However, traditional stereolithographic processes are highly dependent on the reactivity and viscosity of photosensitive resins, particularly when printing macroscopic constructs. Therefore, typically utilized photopolymerization methods rely on radical photopolymerization. While mixed photopolymerization via radical and cationic mechanisms became available a while ago via photoacid generators, which form radical cation intermediates and subsequently cations upon irradiation, 3D printing via purely cationic photopolymerization remained elusive until recently.
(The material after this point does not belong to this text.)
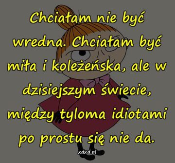 Chciałam nie być wredna. Chciałam być miła i koleżeńska, ale w dzisiejszym świecie, między tyloma idiotami po prostu się nie da.

Now, pure epoxide resins can be printed via cationic ring-opening polymerization in stereolithography. However, ring-opening polymerizations are dependent on ring strain and prone to side reactions, limiting their reactivity drastically compared to radical photopolymerization.
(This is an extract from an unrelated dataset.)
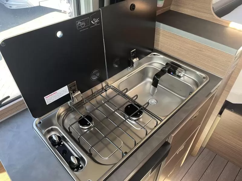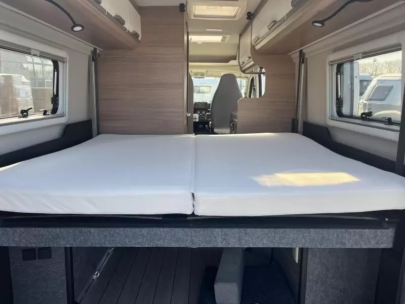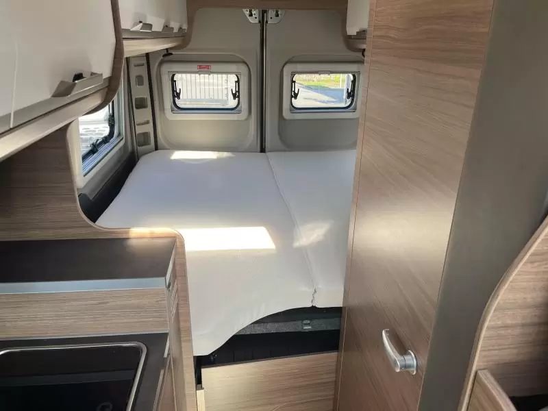 In de camper vindt u onder meer een ruim tweepersoons bed dat in de lengte is geplaatst. Een handige ruimtewinner is het tweepersoons hefbed, dat zich boven de zitgroep bevindt. U kunt zich heerlijk opfrissen bij de wastafel in de badkamer. Daar is ook een cassettetoilet ingebouwd. In de camper kunt u ook douchen. Er bevindt zich een doucheruimte naast het slaapgedeelte.

This is particularly limiting when polymerizing larger rings with more versatile functionality, such as lactones, cyclic carbonates, spiro-orthoesters or spiro-orthocarbonates. With the rise of hot lithography, such monomers become printable for the first time due to increased reactivity at elevated temperatures. We have demonstrated 3D printing of pure polyesters [1-2] and polycarbonates [3] via ionic ring-opening polymerization. In-depth photopolymerization analysis has elucidated the pathways of ionic polymerization reactions at high temperatures. Bulk photopolymeric specimens of different compositions have been analysed with respect to their thermomechanical properties, revealing easy tuneability within a wide range of mechanical properties. Furthermore, volumetric shrinkage of bulk specimens was eliminated entirely through double ring-opening photopolymerization of spiro-monomers. Finally, successful 3D printing via cationic photopolymerization has been demonstrated.
References
[1] Mete, Y.; Seidler, K.; Gorsche, C.; Koch, T.; Knaack, P.; Liska, R., Polymer International 2022, 71 (9), 1062-1071.
[2] Kojic, D.; Ehrmann, K.; Wolff, R.; Mete, Y.; Koch, T.; Stampfl, J.; Baudis, S.; Liska, R. Polymer Chemistry 2023, 14 (42), 4809-4818.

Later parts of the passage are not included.